Women are suffering ‘severe pain’ and infection risk because NHS medics leave tampons inside them

Blundering NHS doctors are leaving tampons and surgical swabs inside women for up to FIVE DAYS after they give birth, report reveals

  • A report by the Healthcare Safety Investigation Branch (HSIB) made the warning
  • It found vaginal swabs had been left inside patients 91 times in three years
  • Women are at high risk of infection and can be in agony if they aren’t removed 

Women are being left in severe pain because medical staff keep leaving swabs and tampons in their vaginas after childbirth, investigators have warned.

A report revealed NHS maternity departments are blighted by the errors and are struggling to stop them happening.

Between April 2015 and March 2018 vaginal swabs were left inside patients on 91 occasions, making up more than a quarter of all ‘retained foreign objects’.

The NHS regards the mistake as a ‘Never Event’ which are mistakes which should never be made.

Experts said there is too much room for error in the processes staff go through to remind themselves to remove the dressings.

Surgical tampons are much larger than normal ones (pictured, bottom versus top) and are supposed to be removed when a procedure is finished. Leaving them in can have devastating consequences

A report by the Healthcare Safety Investigation Branch (HSIB) revealed the case of one new mother, known only as Christine.

Christine, 30, had a surgical tampon inserted after the birth of her first child and staff left it in for five days.
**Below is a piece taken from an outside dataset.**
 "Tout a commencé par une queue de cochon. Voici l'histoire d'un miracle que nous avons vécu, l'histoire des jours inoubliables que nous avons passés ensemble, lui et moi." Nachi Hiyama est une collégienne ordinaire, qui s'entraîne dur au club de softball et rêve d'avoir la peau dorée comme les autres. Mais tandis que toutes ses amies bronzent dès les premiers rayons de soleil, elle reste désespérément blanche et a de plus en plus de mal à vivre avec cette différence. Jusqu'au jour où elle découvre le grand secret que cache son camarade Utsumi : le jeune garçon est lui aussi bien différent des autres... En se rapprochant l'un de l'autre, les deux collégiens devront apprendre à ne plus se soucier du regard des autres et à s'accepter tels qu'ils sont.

Surgical tampons are much larger than normal ones used for periods and should be removed at the end of a surgical procedure. 

Christine was left in agony but couldn’t understand why.
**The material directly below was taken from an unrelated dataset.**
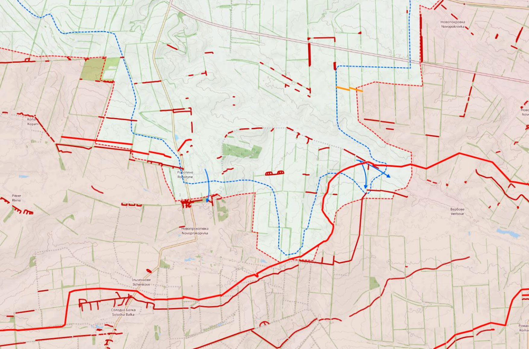 Украинское «вклинение» в оборонительные порядки ВС РФ в районе Работино расширяется как по глубине, так и по ширине наступления.

HUNDREDS OF PATIENTS SUFFERED ‘NEVER EVENTS’ LAST YEAR

Hundreds of NHS patients last year suffered blunders considered so serious they should never happen, NHS data revealed.

Figures show 621 ‘never events’ occurred in NHS England hospitals between April 1, 2018 and July 31 this year – the equivalent of nine a week.  
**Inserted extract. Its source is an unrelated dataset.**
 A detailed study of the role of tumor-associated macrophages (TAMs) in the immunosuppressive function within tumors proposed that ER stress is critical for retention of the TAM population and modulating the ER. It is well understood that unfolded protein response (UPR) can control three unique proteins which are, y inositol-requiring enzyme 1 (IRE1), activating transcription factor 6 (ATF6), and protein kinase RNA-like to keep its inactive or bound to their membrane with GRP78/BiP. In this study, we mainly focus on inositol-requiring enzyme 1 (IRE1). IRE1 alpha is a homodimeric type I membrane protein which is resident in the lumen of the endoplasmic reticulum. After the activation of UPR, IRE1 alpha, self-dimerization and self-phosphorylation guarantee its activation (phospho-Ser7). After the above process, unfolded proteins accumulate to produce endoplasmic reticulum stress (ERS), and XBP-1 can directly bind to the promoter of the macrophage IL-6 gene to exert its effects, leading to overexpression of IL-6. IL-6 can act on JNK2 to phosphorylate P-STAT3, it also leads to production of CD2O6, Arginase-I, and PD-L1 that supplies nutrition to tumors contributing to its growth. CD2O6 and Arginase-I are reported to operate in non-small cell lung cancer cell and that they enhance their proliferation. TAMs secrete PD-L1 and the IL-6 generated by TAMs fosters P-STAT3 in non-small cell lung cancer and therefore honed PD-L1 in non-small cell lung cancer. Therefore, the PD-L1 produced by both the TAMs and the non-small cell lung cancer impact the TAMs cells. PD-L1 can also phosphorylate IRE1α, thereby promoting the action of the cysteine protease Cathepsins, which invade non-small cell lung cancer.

More than 200 patients had operations on the wrong part of their body, with two men being circumcised by mistake.

Six women had their ovaries removed in error, one patient had the wrong toe amputated, and another had the incorrect part of their colon removed.  

Some even endured life-threatening errors, including being given ordinary air rather than pure oxygen or falling out of poorly secured windows.

Others were given overdoses of drugs like insulin, while some had feeding tubes put into their airways.

Doctors also transfused the wrong blood type to six patients, while 52 people had incorrect teeth removed.

Experts warn never events are ‘exceptionally traumatic for patients’.

Rachel Power, chief executive of the Patients Association, said: ‘People who suffer harm because of mistakes can suffer serious physical and psychological effects for the rest of their lives, and that should never happen to anyone who seeks treatment from the NHS.’

She saw a community midwife and her GP twice before returning to hospital where a doctor picked up on the problem.

‘Although measures have been put in place to reduce the chance of swabs and tampons being left in, it continues to happen,’ said the HSIB’s Sandy Lewis.

Ms Lewis is the director of a maternity investigation programme at the HSIB and said the mistakes ‘leave women in pain and distress’.

‘There are numerous physical effects; pain, bleeding and possible infection, but we can’t forget about the psychological impact as there was in Christine’s case,’ Ms Lewis said.

‘She had to seek private counselling and felt that what happened affected her ability to bond with her baby.

‘Retained vaginal swabs and tampons are a well-recognised issue and our investigation helps to shine a light on the risks.’

At the Trust where the case study, Christine, was treated, inspectors found there were 17 different tasks related to monitoring where swabs/tampons were used.

The more steps there are to a process, the more opportunity there is for people to make mistakes the HSIB said.

Its report also suggested that the dressings should be redesigned because they turn red and look similar to human flesh when they’re soaked in blood.

It said the NHS is ‘exploring potential solutions’ in this area.

Elizabeth Duff, senior adviser at the National Childbirth Trust, said: ‘Overstretched maternity staff, lack of time to hand over care between shifts and confusion about who takes responsibility are all factors which could contribute to a never event.

Experts said the fact that absorbent dressings, such as this swab, turn red when they soak up blood can make them difficult to distinguish from human flesh. They should be redesigned to overcome this problem, the HSIB said

Experts said the fact that absorbent dressings, such as this swab, turn red when they soak up blood can make them difficult to distinguish from human flesh. They should be redesigned to overcome this problem, the HSIB said

‘It’s completely unacceptable that these events are taking place at all and that new mothers are being caused unnecessary pain and put at risk of infection.

‘The story of Christine is very distressing. In the first week of her baby’s life, she had seven contacts with different healthcare services, reporting ever-increasing pain following a forceps birth.

‘This had a huge impact on her including how she bonded with her baby. There’s no question that joined-up postnatal care is better for mother and better for baby.’